- **Recorded information**:
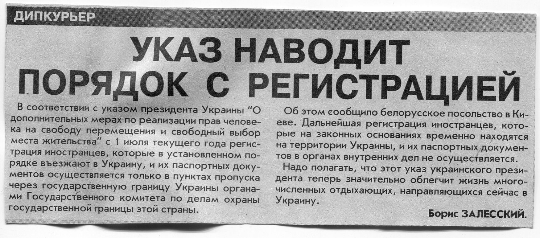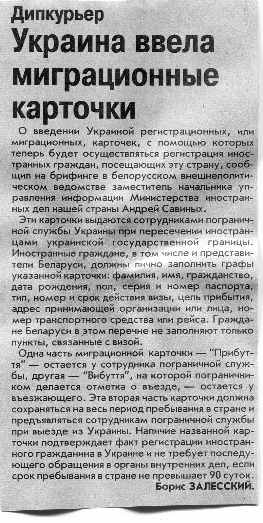 Залесский, Б. Украина ввела миграционные карточки / Б. Залесский / Вечерний Минск. - 2002. - 17 янв.
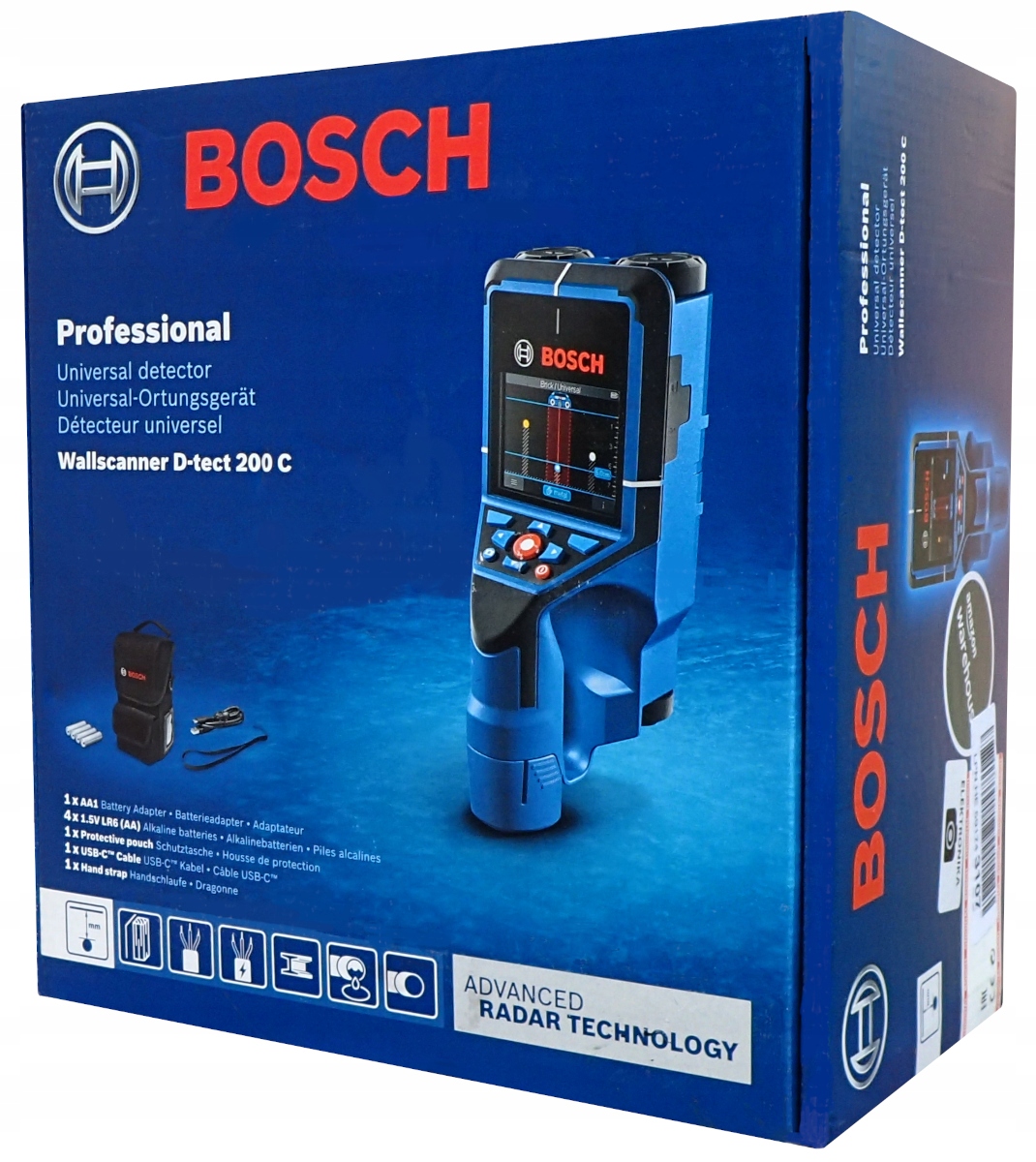 D-TECT 200 C від BOSCH є першим сповіщувач цього типу в світі, який оснащений сучасними радарними та індуктивними датчиками, що дозволяють локалізувати об'єкти на глибині до 20 см, а також завдяки великому рідкокристалічному дисплею, на якому під час роботи відображаються всі повідомлення та інструкції (також у Polish), неймовірно легкий і простий у використанні.
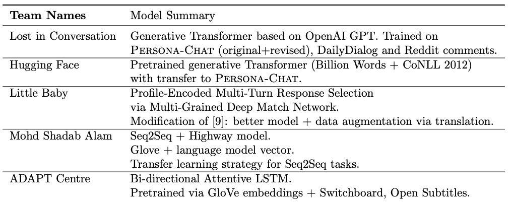 최종 결과에서 2등을 한 huggingface팀의 대화 모델에 대한 논문은 여기에서 읽어볼 수 있다. (TransferTransfo)
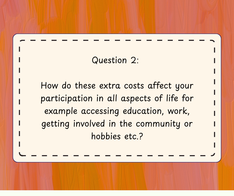 [Image description: A graphic with an orange and pink background with a brush stroke effect. A cream box is in the centre outlined by a dashed line with a hand-stitched effect. Inside the box, text reads: “Question 2: How do these extra costs affect your participation in all aspects of life for example accessing education, work, getting involved in the community or hobbies etc.?”]
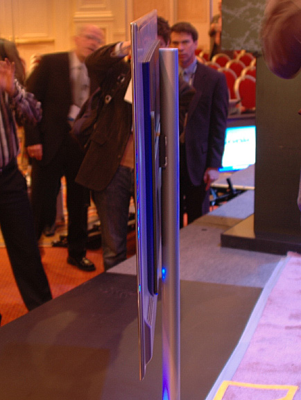 横からみた試作機のパネル。その薄さは来場者を大いに驚かせた
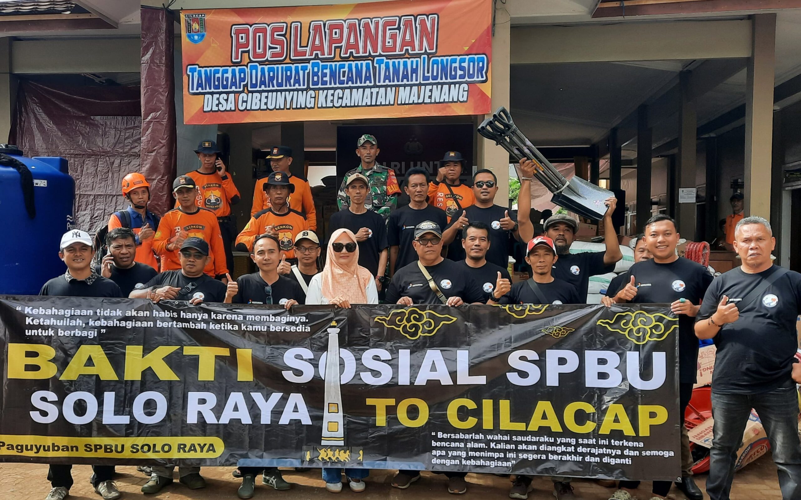 Paguyuban SPBU Solo Raya menggelar bakti sosial dan memberikan bantuan atas terjadinya bencana tanah longsor di majenang.
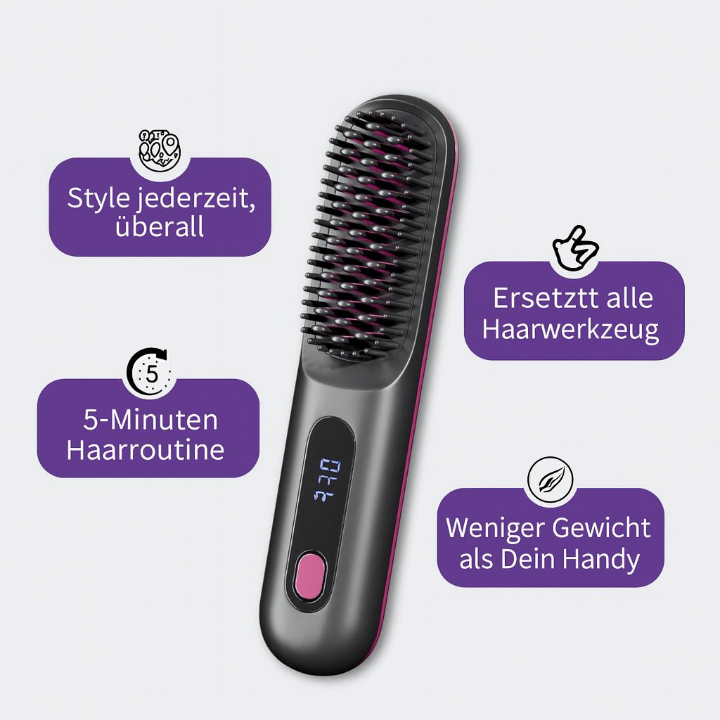 Unsere Lösung: Die Tragbare Glättungsbürste™ Ihr unverzichtbares Haarstyling Gerät für unterwegs, mit dem Sie Ihr Haar jederzeit stylen können.
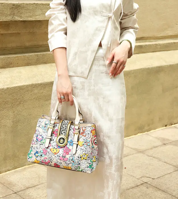 Ova torba nije samo dodatak — to je platno na kojem boje, oblici i karakter oživljavaju.
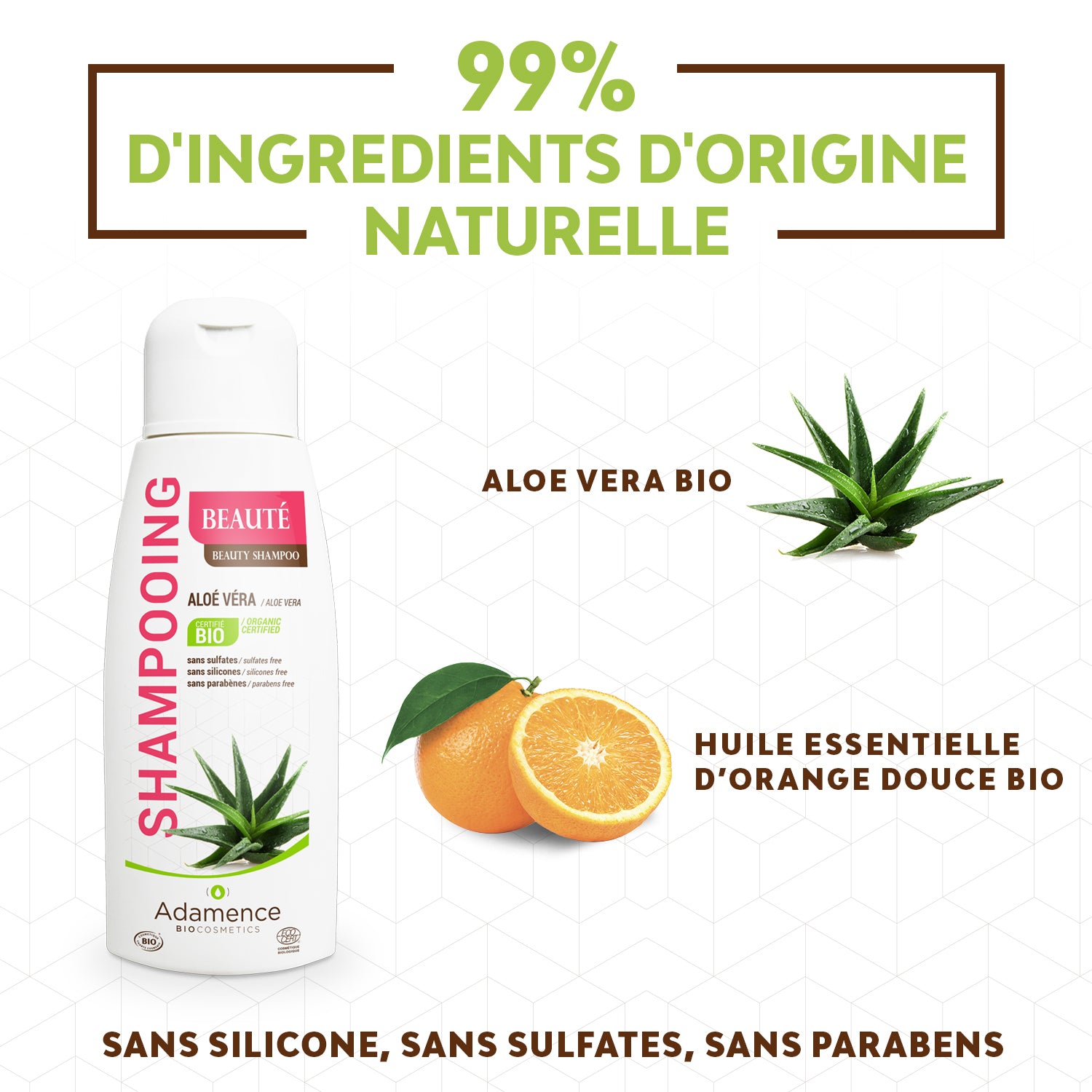 Ce shampooing beauté est à base d’aloe vera, d’orange douce et d’un complexe d’ingrédients actifs qui apportent volume, brillance et hydratation.
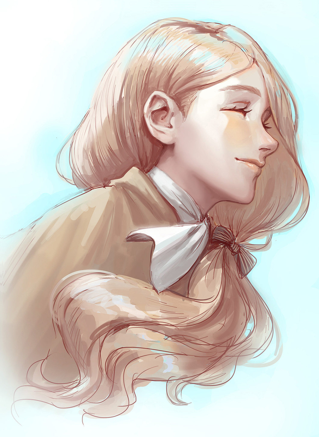 1girl ascot blue_background bow brown_coat closed_eyes coat facing_to_the_side fire_emblem fire_emblem:_three_houses hair_bow hair_over_shoulder highres kazuko_(towa) long_hair low_ponytail low_side_ponytail mercedes_von_martritz nintendo parted_bangs ponytail portrait side_ponytail smile solo striped_bow upper_body wavy_hair white_ascot
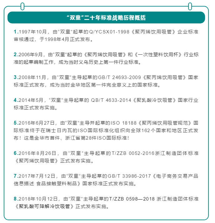 在許多人的印象中,像吸管這樣的小商品很難做品牌,更沒有生產(chǎn)標(biāo)準(zhǔn)可言。所以當(dāng)大家來到吸管產(chǎn)業(yè)發(fā)展資料展示區(qū),看到“雙童”先后主導(dǎo)起草了如此多個標(biāo)準(zhǔn)時,大家紛紛表示顛覆了他們對“小商品”的認(rèn)知!
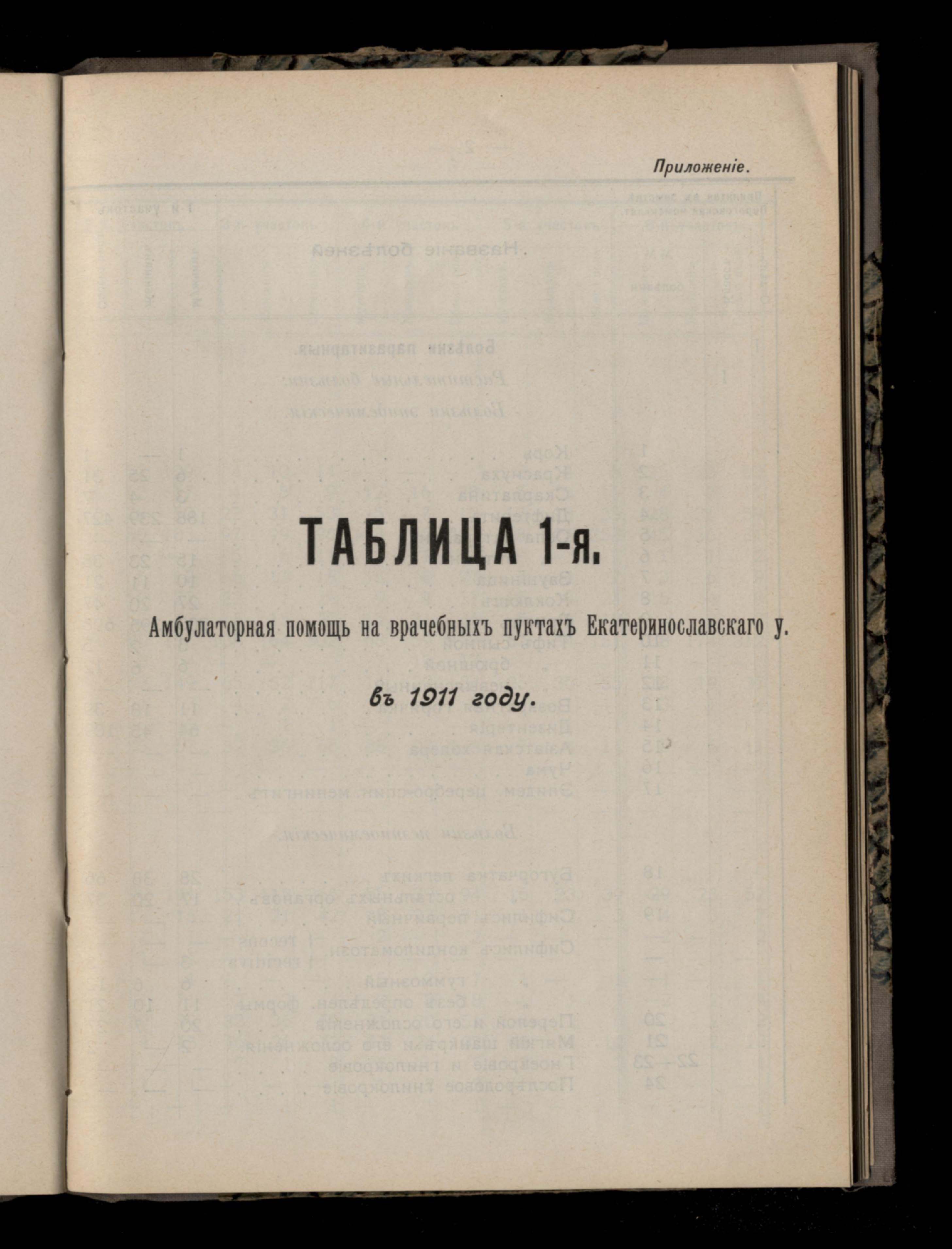 Приложене. Таблица 1-я, Амблуаторная помощь на врачебныхъ пунктахъ Екатеринославскаго у. въ 1911 году
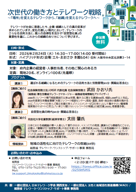 共催: 一般社団法人日本テレワーク学会関西支部 / 一般社団法人女性と地域活性推進機構(WAO) / 総務省テレワーク・ワンストップ・サポート事業事務局
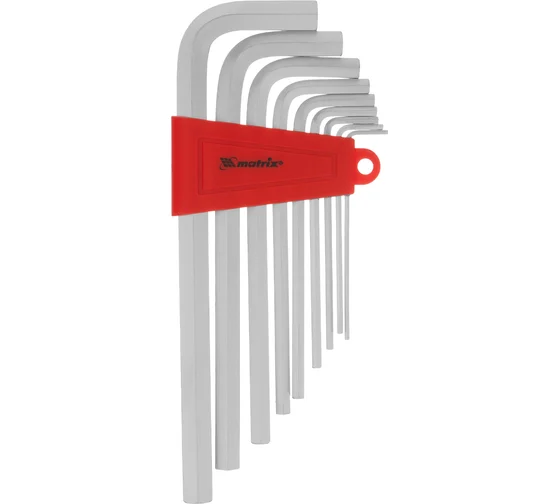 Набор ключей имбусовых HEX, 2–12 мм, CrV, 9 шт., удлиненные, сатин.// Matrix

- **What you will do**:
Pictures must be left out when the records are transcribed exactly.

- **Problem solution**:
 Залесский, Б. Украина ввела миграционные карточки / Б. Залесский / Вечерний Минск. - 2002. - 17 янв.
 D-TECT 200 C від BOSCH є першим сповіщувач цього типу в світі, який оснащений сучасними радарними та індуктивними датчиками, що дозволяють локалізувати об'єкти на глибині до 20 см, а також завдяки великому рідкокристалічному дисплею, на якому під час роботи відображаються всі повідомлення та інструкції (також у Polish), неймовірно легкий і простий у використанні.
 최종 결과에서 2등을 한 huggingface팀의 대화 모델에 대한 논문은 여기에서 읽어볼 수 있다. (TransferTransfo)
 [Image description: A graphic with an orange and pink background with a brush stroke effect. A cream box is in the centre outlined by a dashed line with a hand-stitched effect. Inside the box, text reads: “Question 2: How do these extra costs affect your participation in all aspects of life for example accessing education, work, getting involved in the community or hobbies etc.?”]
 横からみた試作機のパネル。その薄さは来場者を大いに驚かせた
 Paguyuban SPBU Solo Raya menggelar bakti sosial dan memberikan bantuan atas terjadinya bencana tanah longsor di majenang.
 Unsere Lösung: Die Tragbare Glättungsbürste™ Ihr unverzichtbares Haarstyling Gerät für unterwegs, mit dem Sie Ihr Haar jederzeit stylen können.
 Ova torba nije samo dodatak — to je platno na kojem boje, oblici i karakter oživljavaju.
 Ce shampooing beauté est à base d’aloe vera, d’orange douce et d’un complexe d’ingrédients actifs qui apportent volume, brillance et hydratation.
 1girl ascot blue_background bow brown_coat closed_eyes coat facing_to_the_side fire_emblem fire_emblem:_three_houses hair_bow hair_over_shoulder highres kazuko_(towa) long_hair low_ponytail low_side_ponytail mercedes_von_martritz nintendo parted_bangs ponytail portrait side_ponytail smile solo striped_bow upper_body wavy_hair white_ascot
 在許多人的印象中,像吸管這樣的小商品很難做品牌,更沒有生產(chǎn)標(biāo)準(zhǔn)可言。所以當(dāng)大家來到吸管產(chǎn)業(yè)發(fā)展資料展示區(qū),看到“雙童”先后主導(dǎo)起草了如此多個標(biāo)準(zhǔn)時,大家紛紛表示顛覆了他們對“小商品”的認(rèn)知!
 Приложене. Таблица 1-я, Амблуаторная помощь на врачебныхъ пунктахъ Екатеринославскаго у. въ 1911 году
 共催: 一般社団法人日本テレワーク学会関西支部 / 一般社団法人女性と地域活性推進機構(WAO) / 総務省テレワーク・ワンストップ・サポート事業事務局
 Набор ключей имбусовых HEX, 2–12 мм, CrV, 9 шт., удлиненные, сатин.// Matrix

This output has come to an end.